DATA RECORDS.
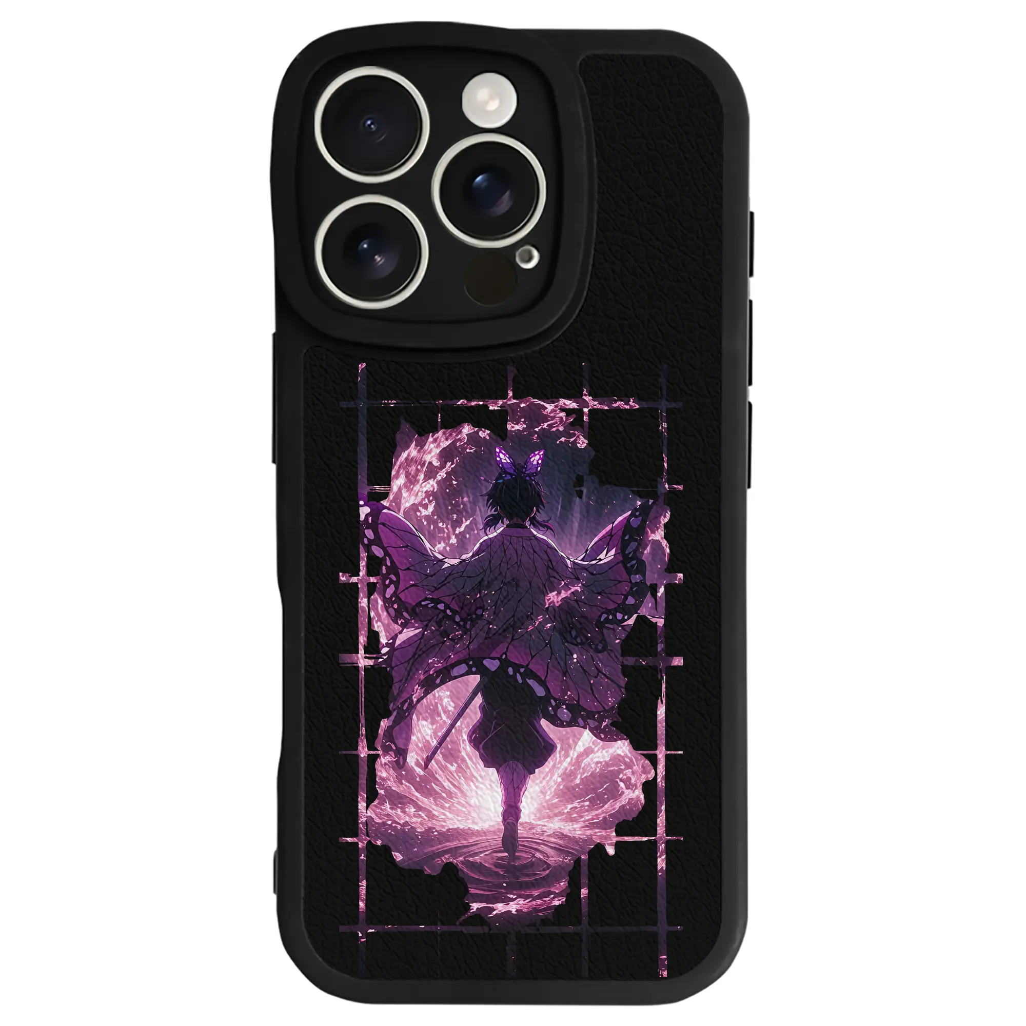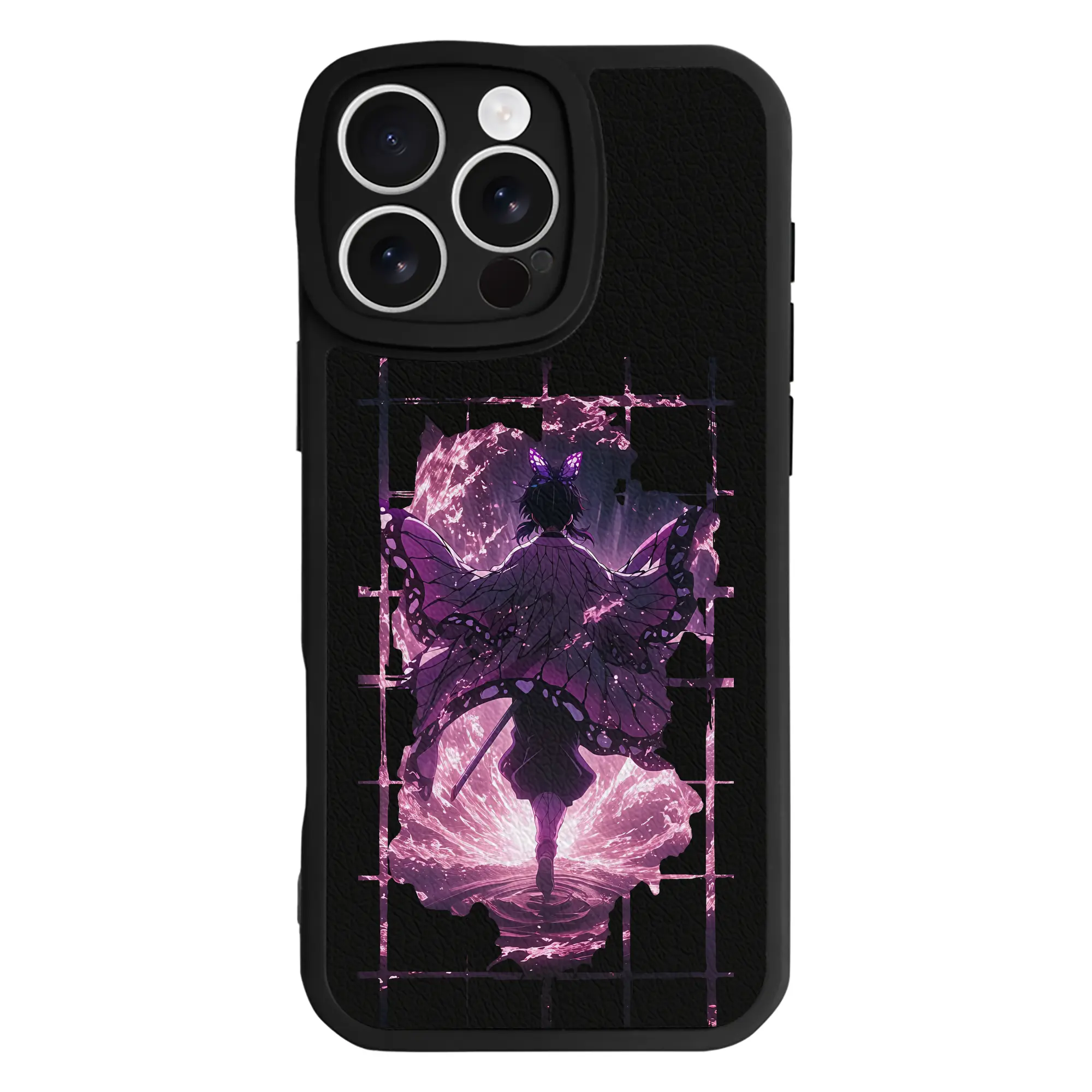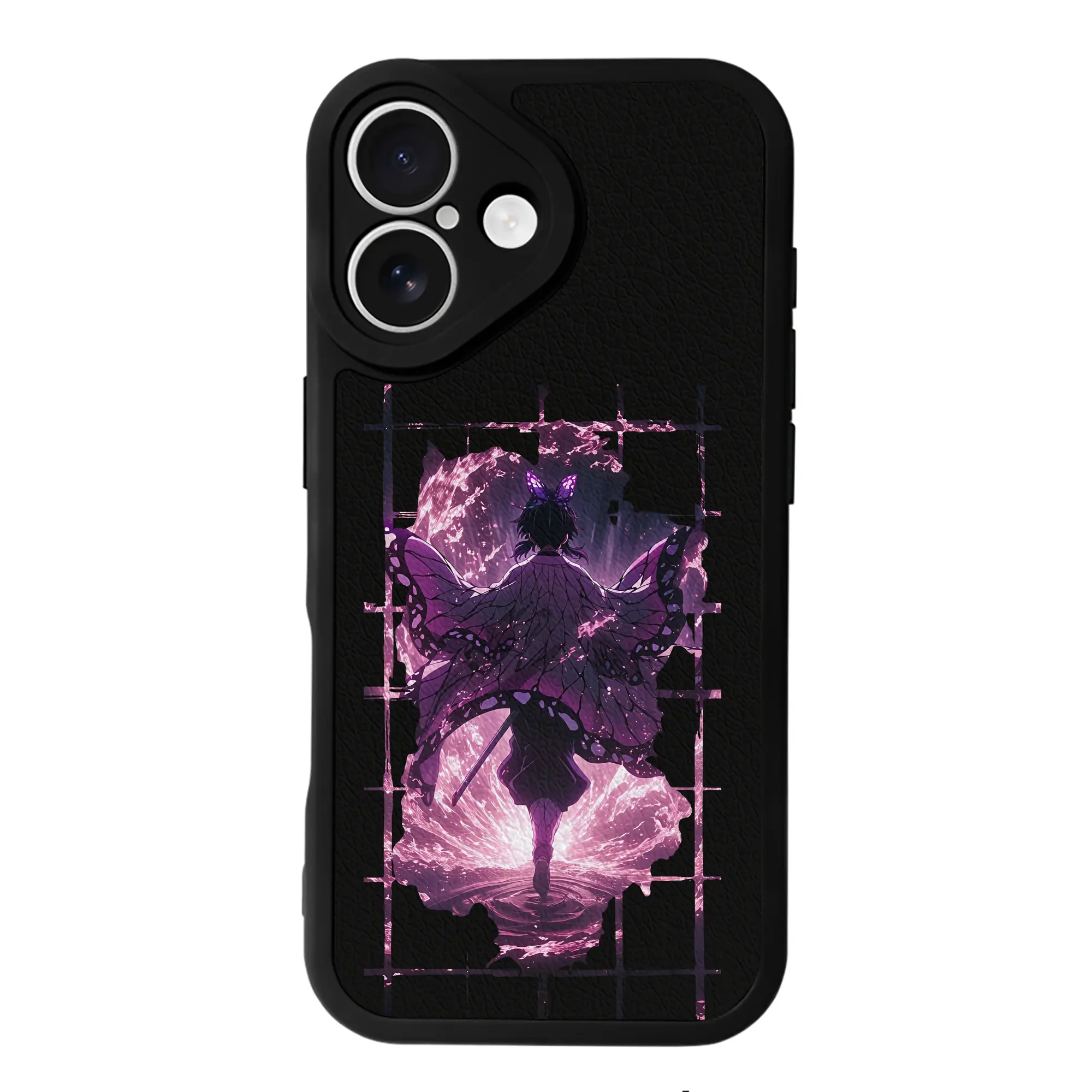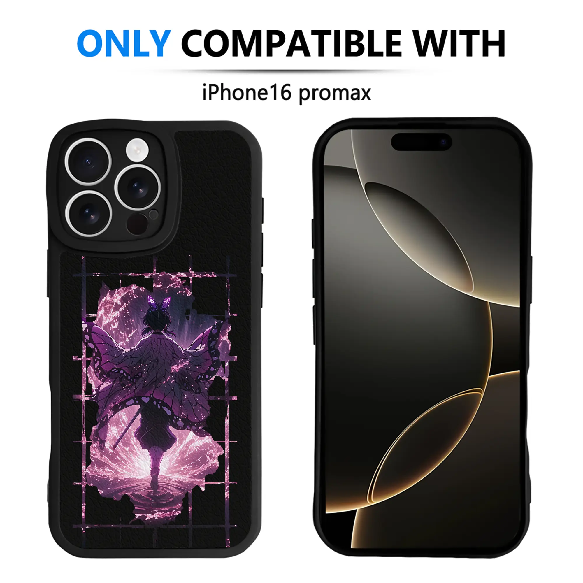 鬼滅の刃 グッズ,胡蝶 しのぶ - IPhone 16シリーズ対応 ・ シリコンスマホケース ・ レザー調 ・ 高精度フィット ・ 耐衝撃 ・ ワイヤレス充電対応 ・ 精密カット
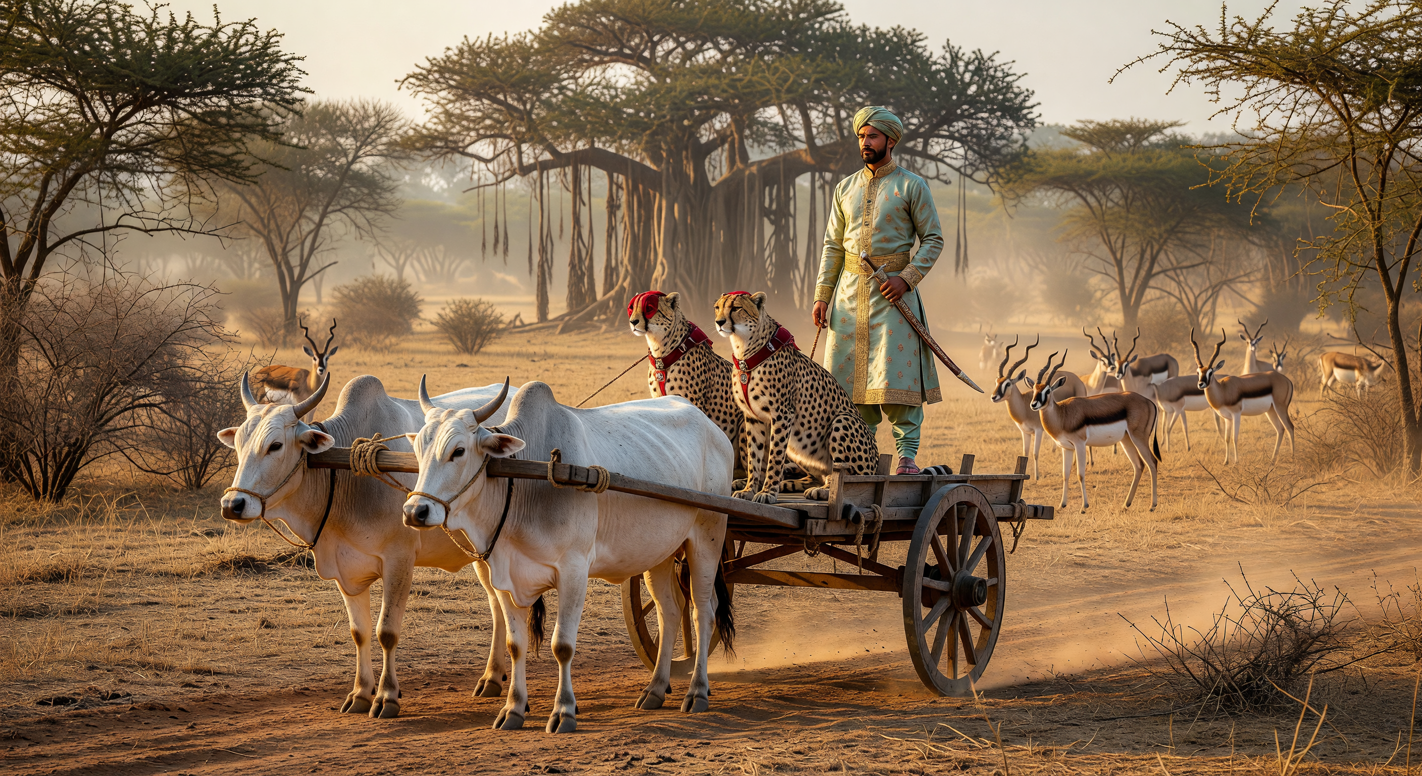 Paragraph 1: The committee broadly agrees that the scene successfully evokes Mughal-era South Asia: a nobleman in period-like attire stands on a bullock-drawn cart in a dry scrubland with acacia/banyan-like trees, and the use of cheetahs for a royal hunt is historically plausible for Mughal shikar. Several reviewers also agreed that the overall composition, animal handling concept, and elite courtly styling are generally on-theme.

---

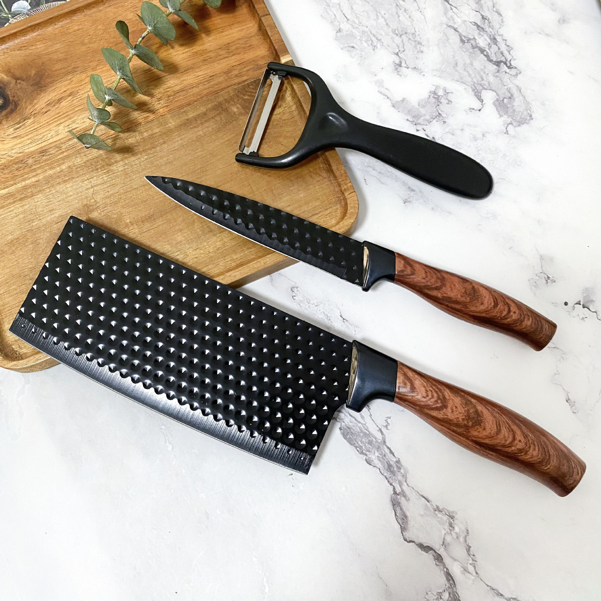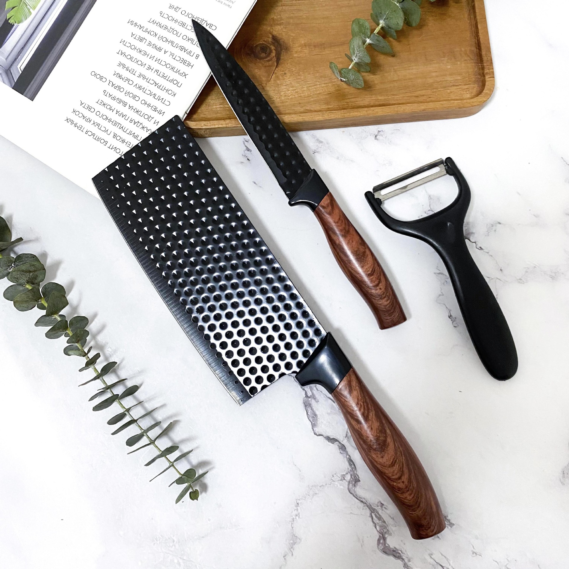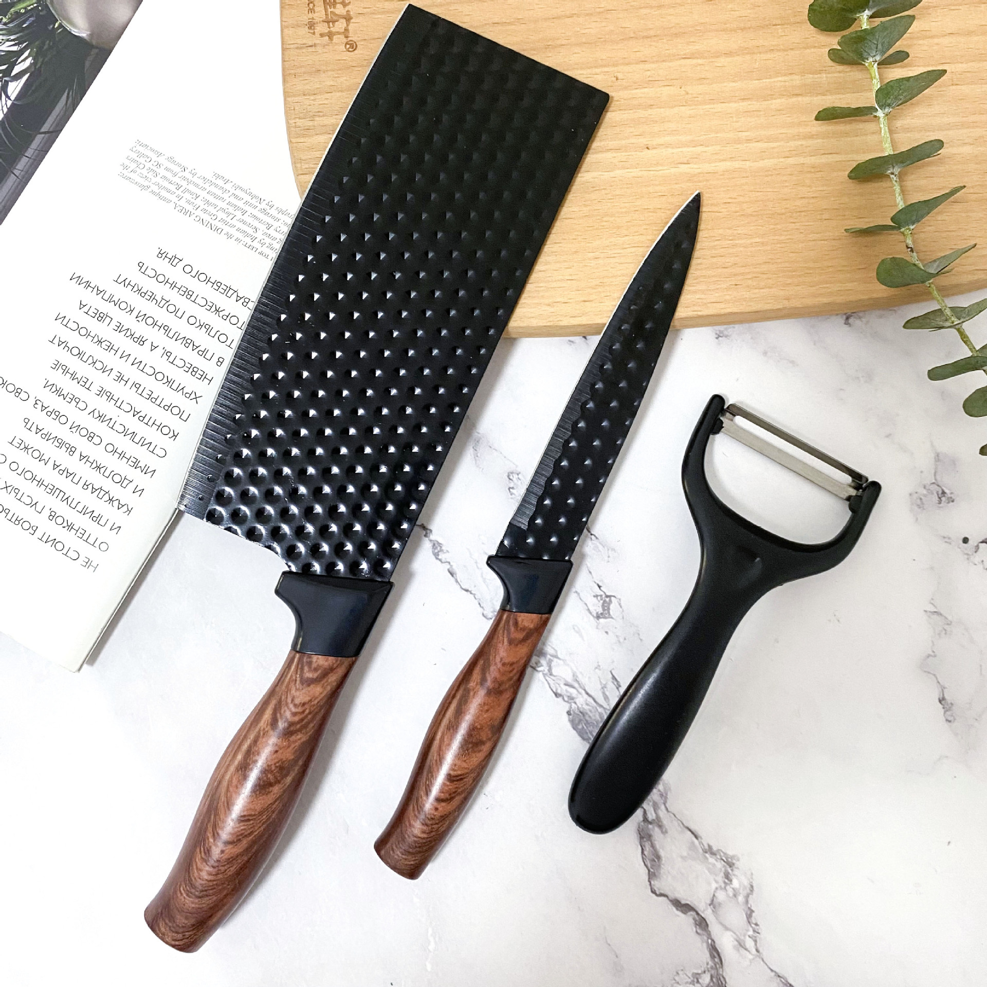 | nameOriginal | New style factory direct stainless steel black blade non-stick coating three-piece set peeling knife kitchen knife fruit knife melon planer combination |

WHAT THE EXERCISE ASKS. Copy the lines above between the one holding "鬼滅の刃 グッズ,胡蝶 しのぶ" and the one holding "Paragraph 1: The", inclusive. Drop the pictures.

ANSWER TO THE EXERCISE.
 鬼滅の刃 グッズ,胡蝶 しのぶ - IPhone 16シリーズ対応 ・ シリコンスマホケース ・ レザー調 ・ 高精度フィット ・ 耐衝撃 ・ ワイヤレス充電対応 ・ 精密カット
 Paragraph 1: The committee broadly agrees that the scene successfully evokes Mughal-era South Asia: a nobleman in period-like attire stands on a bullock-drawn cart in a dry scrubland with acacia/banyan-like trees, and the use of cheetahs for a royal hunt is historically plausible for Mughal shikar. Several reviewers also agreed that the overall composition, animal handling concept, and elite courtly styling are generally on-theme.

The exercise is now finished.